# Luminous RC VCP



## oriecat (Jan 1, 2005)

So yesterday I decided to bust open the rainbow sampler pack of Luminous products I got a while back and try something new.  It has 7 different types of paper in it, a variety of RC and FB.  I decided to stick with the RC since I haven't finished making my drying screens yet... anyway I thought I would try the RC VC Pearl, mainly since I had 10 sheets of it.  This stuff hated me.  I now hate it back.  I couldn't get a black to save my life.  It incredible brown, but it doesn't say its warmtone.  I work my way up in time and filters trying to get a black without losing my highlights and I keep getting this muddied mess.  My initial exposure based on the test strip should have been about 20 sec at f11 with no filter.  After many other tries, I finally give up when I'm using  4.5 filter at f5.6 for 15 seconds and still crap.  Maybe I'm not thinking clearly because of my cold and I screwed up somewhere, but that just doesn't seem right to me.  :?


----------



## Hertz van Rental (Jan 1, 2005)

It might have something to do with your developer. I have found that one paper will come out with different casts and different tonal ranges depending on the print developer. Photochemistry can be a strange and unpredictable beast. Even the dilution can make a difference.
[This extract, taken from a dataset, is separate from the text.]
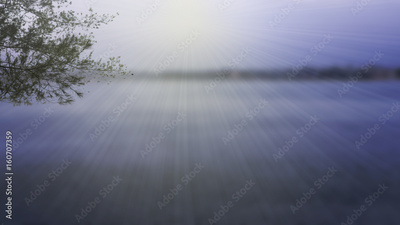 blur beautiful blue sky and blue river in the left corner and sunlight in the middle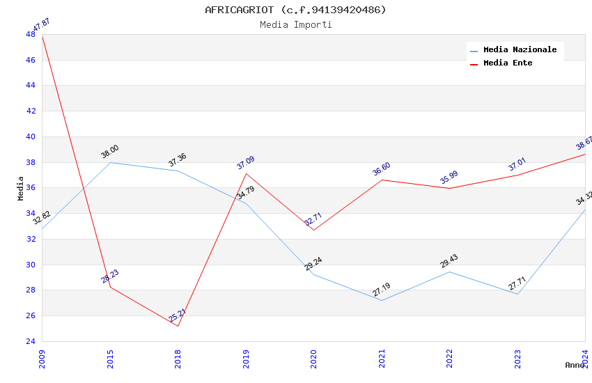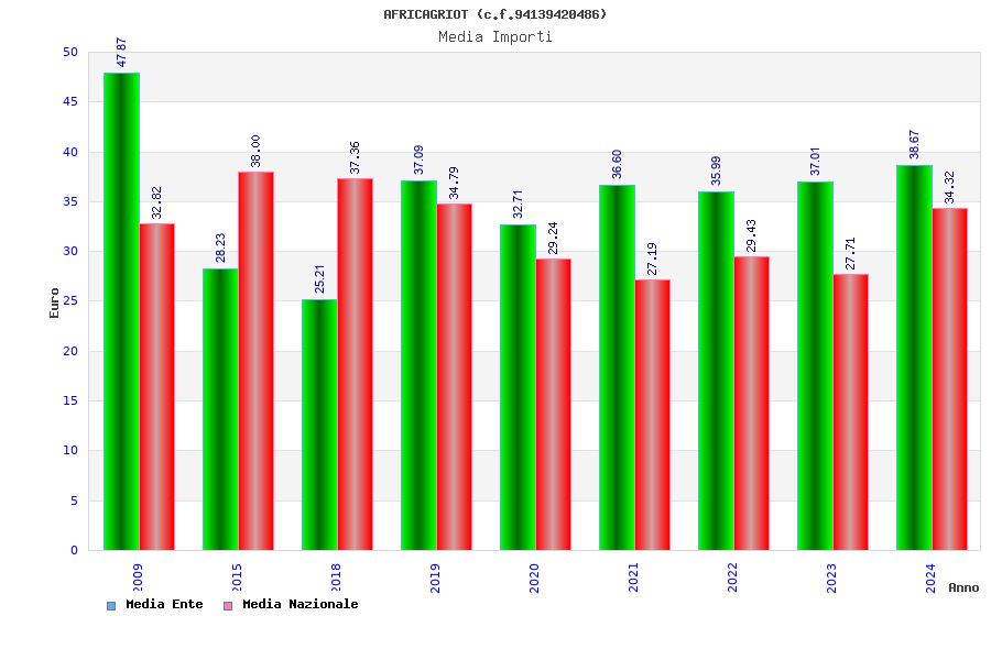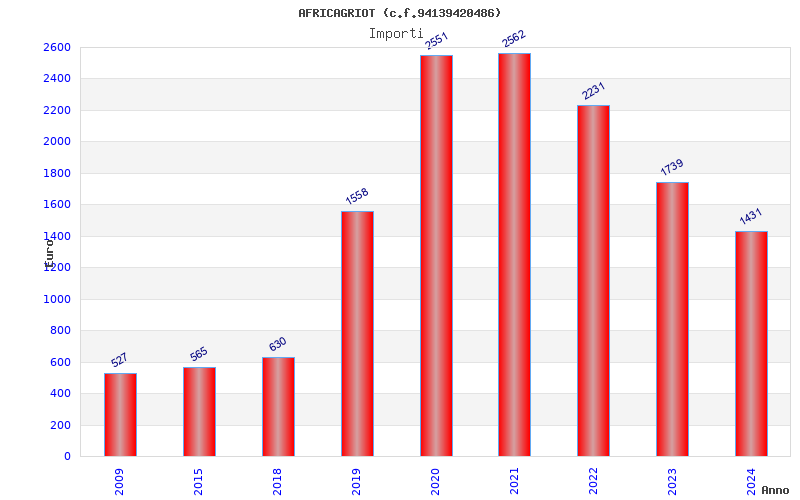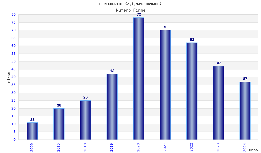 | Anno | Firme | Importi | Media | Naz. | Reg. | Prov. | Comu. |

Maybe try using a different paper developer?
But then a person does get those days when nothing goes right....


----------



## terri (Jan 1, 2005)

Poor girlie.    :hug:   Did it come with some kind of spec sheet to give you any idea what developer(s) would work best?    :scratch:   

I feel your pain (and annoyance!).


----------



## oriecat (Jan 9, 2005)

Well I decided to try out some of the other papers in my sampler pack last night, and I got the same thing at first!  I started with a FB and I was getting the same weird brownness and no blacks.  So I decided to try it with my crappy RC and see if I got something with that, and it too wasn't coming out good, so I knew the developer was a problem.  Last time I also thought the developer was a problem and I made a fresh batch and nothing changed, but I guess it just wasn't strong enough, because last night I just said screw it and I just poured a bunch more stock in the tray while i had a test piece in and that thing just blacked right up.  So I was finally getting somewhere.  Of course since I didn't measure it, I don't know what I should mix it at next time. :|  Oh well I'll figure it out.

So last night, I used up all 5 sheets of my sample of Charcoal.    Really liked the look and feel of that.  I tried a couple sheets of the Agfa.  And something I can't remember right now.  I knew that would happen, too many papers in one night.


----------



## terri (Jan 10, 2005)

How annoying!       I am pretty anal and like to keep a pad and pen next to me whenever I'm doing stuff in the darkroom OR trying new things with the Daylab....most of the time I don't need to refer back to anything, but on the occasions I do, I'm glad I kept a record.

At least you have a starting point - glad your paper is finally giving you something workable!


----------